Available data Start Marker

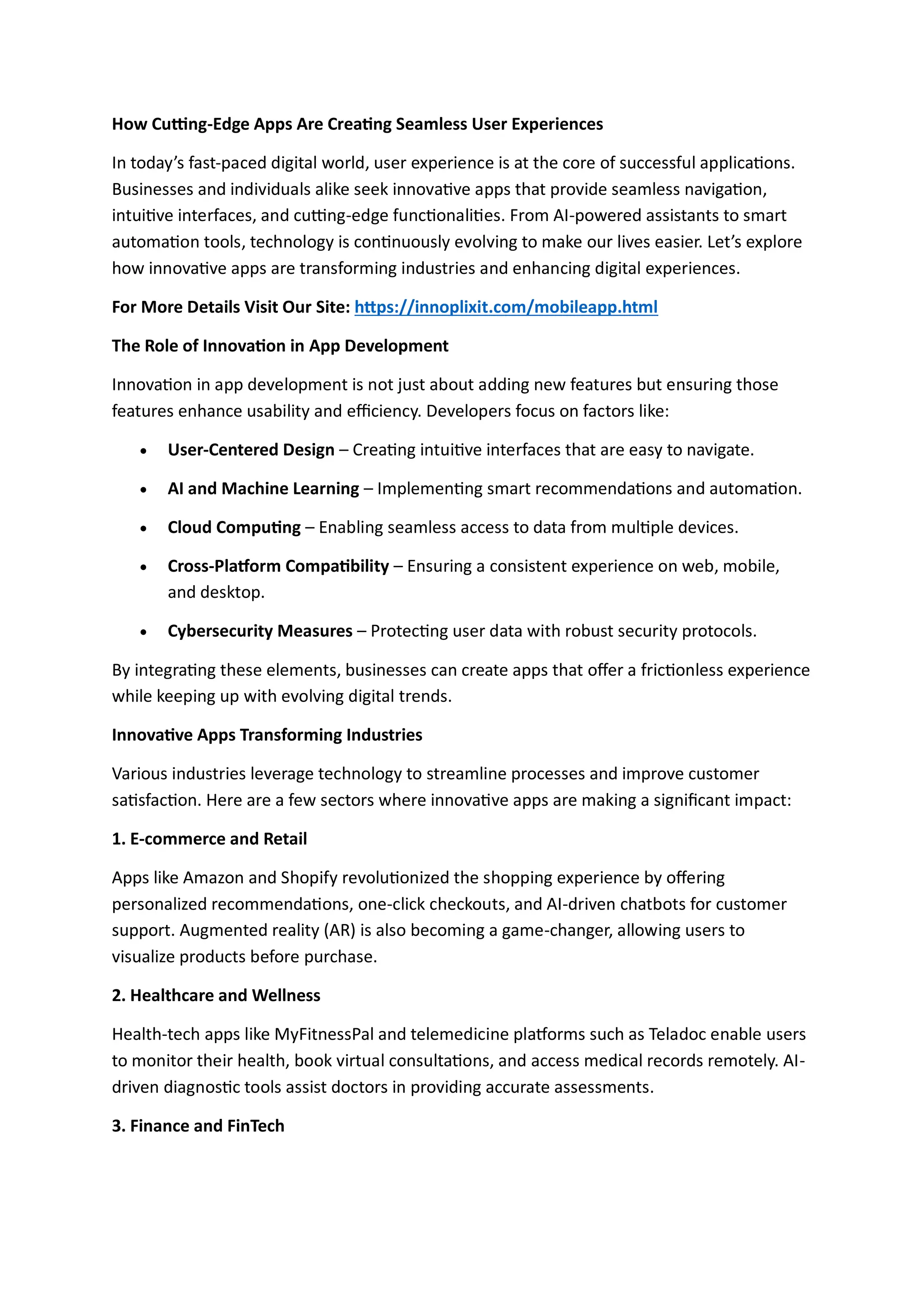 In today’s fast-paced digital world, user experience is at the core of successful applications. Businesses and individuals alike seek innovative apps that provide seamless navigation, intuitive interfaces, and cutting-edge functionalities. From AI-powered assistants to smart automation tools, technology is continuously evolving to make our lives easier. Let’s explore how innovative apps are transforming industries and enhancing digital experiences.
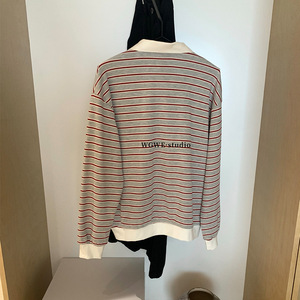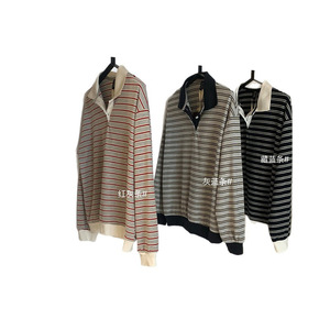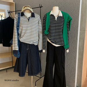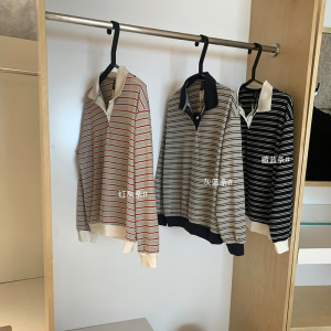 WGWE6965韩系学院风休闲条纹撞色polo长袖t恤上衣
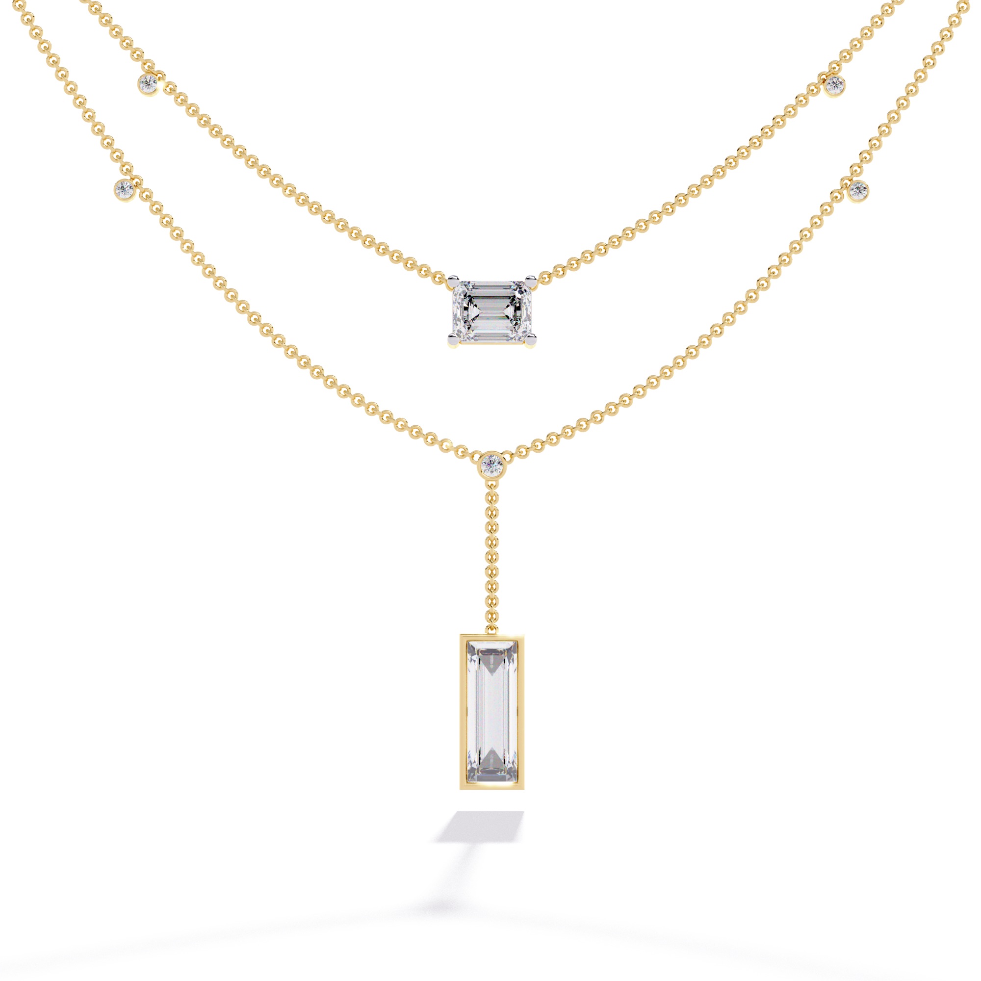 The HARMÉ LumeAxis Necklace is a study in symmetry, geometry, and luminous precision. A radiant emerald-cut centerpiece rests at the collarbone, framed with delicate bead-work links. From it, a slender drop descends, culminating in a long emerald-cut solitaire — a sleek column of clarity that elongates the neckline with effortless elegance.
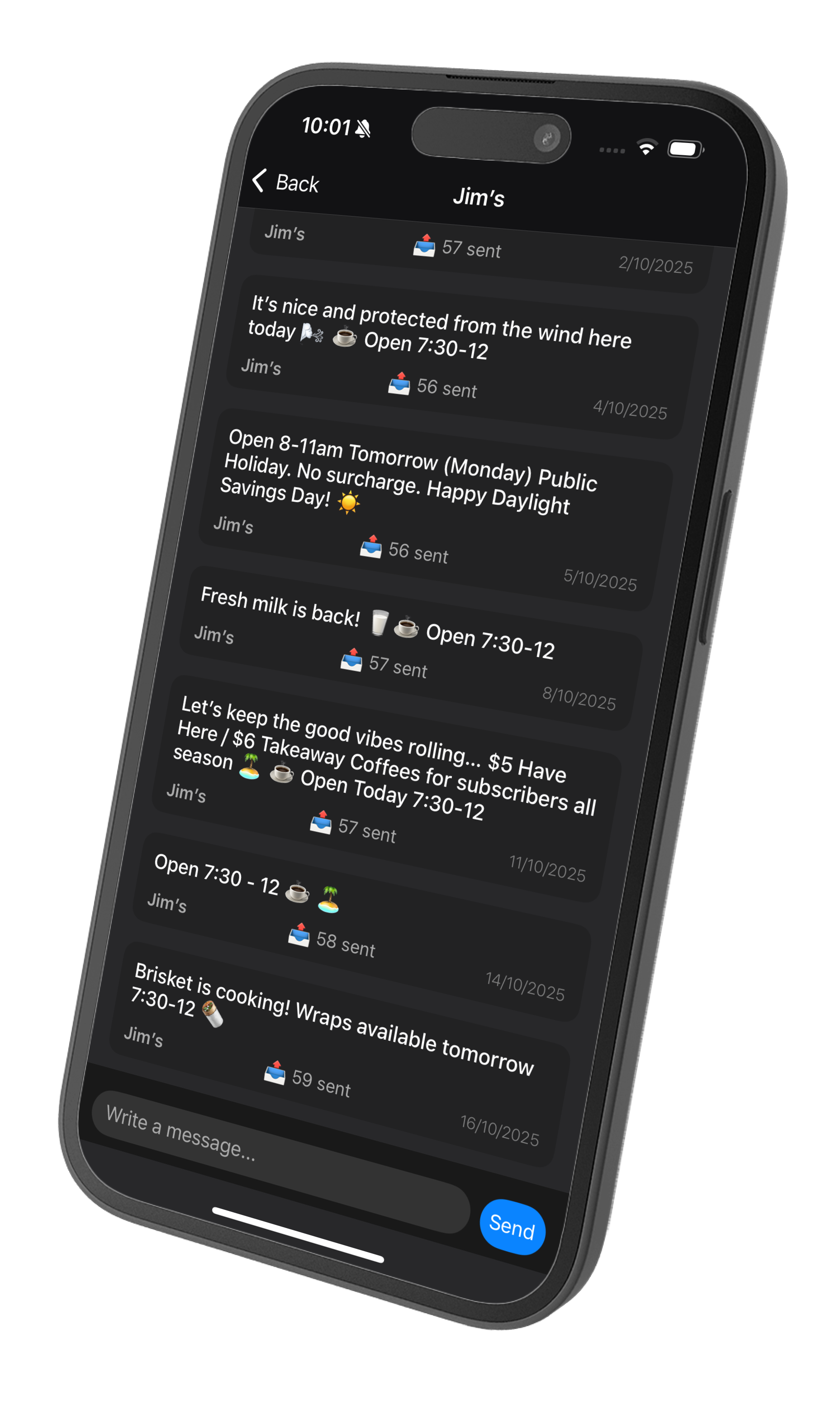 Tap the paper plane button to send messages from your profile to all Lord Howe Island subscribers. We are working hard to encourage all Island visitors to subscribe to this broadcast.

Available data End Marker

# [Exercise]
Only exact copies are wanted here. Write out the lines from the one containing "The HARMÉ LumeAxis" through the end of the material and no others, omitting all pictures.

# [Response to this exercise]
 The HARMÉ LumeAxis Necklace is a study in symmetry, geometry, and luminous precision. A radiant emerald-cut centerpiece rests at the collarbone, framed with delicate bead-work links. From it, a slender drop descends, culminating in a long emerald-cut solitaire — a sleek column of clarity that elongates the neckline with effortless elegance.
 Tap the paper plane button to send messages from your profile to all Lord Howe Island subscribers. We are working hard to encourage all Island visitors to subscribe to this broadcast.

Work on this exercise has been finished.